Glyph of the word 'leupoe'.


  • (n.) hammerhead shark

Oku hetu ei i leupoe.
“I don’t fear hammerhead sharks.”

Notes: In today’s post, I wish to reflect on a true fact about myself. Though I have feared for sharks for nearly as long as I’ve been alive, I’ve never feared hammerhead sharks. I’m not at all sure why.

I should mention that I had quite some exposure to sharks as a child. Nearly every week, I would go to the Cabrillo Park Museum (I guess it’s now [or actually?] called the Cabrillo Marine Aquarium. I was the three, though; I couldn’t read [well] yet). There I would play in the simulated tidepools and look at all the exhibits—including the gigantic great white shark replica they had hanging above the exit. I was terrified of that shark. I would love going to the museum, but I would insist on closing my eyes and being led by hand through that section of the museum each time. The only thing that mollified me somewhat was my mother telling me that the eyes were probably M&M’s.
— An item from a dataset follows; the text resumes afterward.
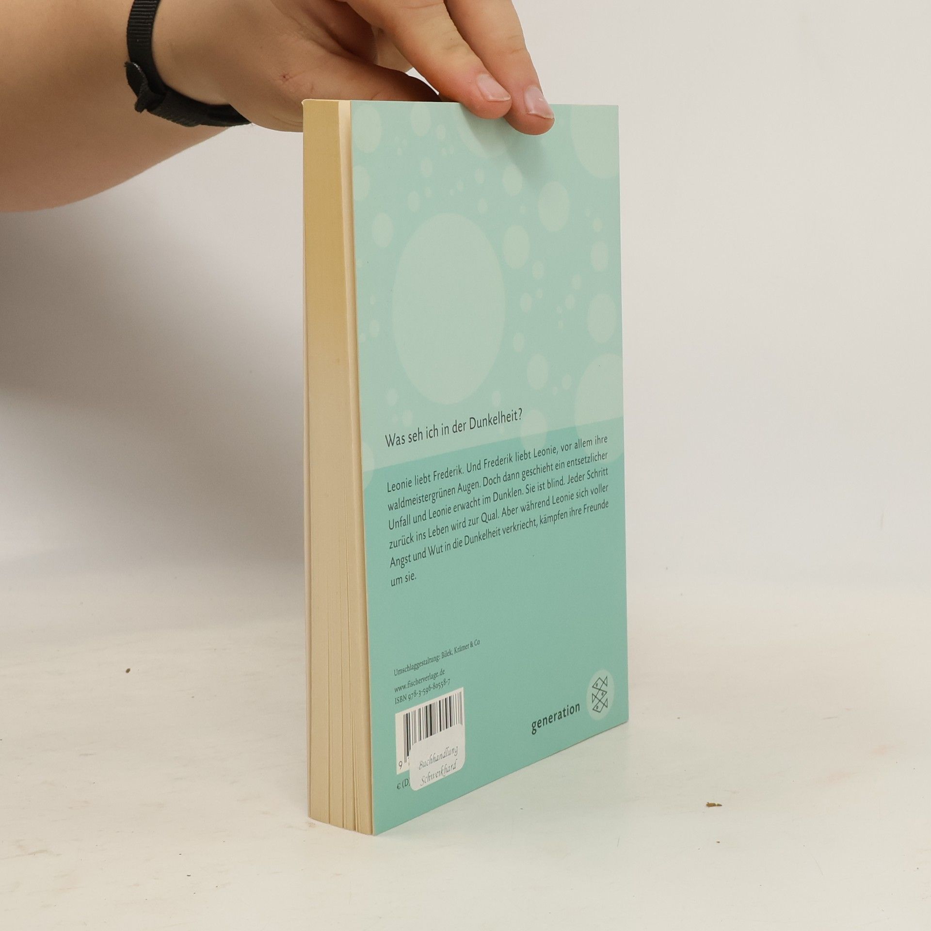 Leonie liebt Frederik. Und Frederik liebt Leonie, vor allem ihre waldmeistergrünen Augen. Doch dann geschieht ein entsetzlicher Unfall und Leonie erwacht im Dunklen. Sie ist blind. Jeder Schritt zurück ins Leben wird zur Qual. Aber während Leonie sich voller Angst und Wut in die Dunkelheit verkriecht, kämpfen ihre Freunde um sie.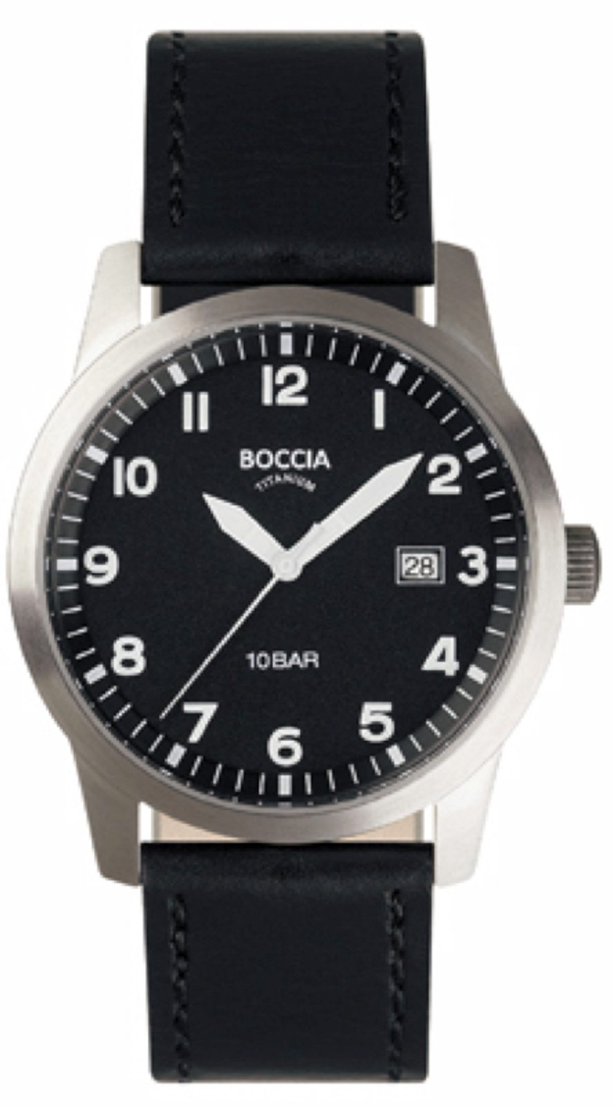 Pánské hodinky Boccia Titanium 597-03 mají černý ciferník s bílými indexy, na kterém se nachází také ukazatel data. Titanové pouzdro skvěle doplňuje černý kožený řemínek. Hodinky jsou vodě odolné do 10 atmosfér.

In addition to that, I, of course, likely saw sharks on television, and I also had several shark coloring books and a plastic toy great white shark that I used to play with. I guess I was kind of fascinated by sharks, but also terrified by them. I probably saw a commercial for Jaws as a kid; that did it for a lot of kids (and adults), unfortunately (and, in fact, the movies can still inspire terror in me).

But for whatever reason, I was never afraid of hammerhead sharks. I was probably more afraid of whale sharks than hammerheads, even though the latter are much more dangerous to humans (if, you know, you mess with them, which is just stupid). I have no solid explanation for this. Perhaps it was that they reminded me of Admiral Ackbar, with whom I was quite familiar as a child (I was a big Star Wars fan).

Hammerhead shark vs. Admiral Ackbar.

Who knows?

The iku is intended to look like the head of a hammerhead shark, but also incorporates part of the glyph for keva, “shark”, as reference.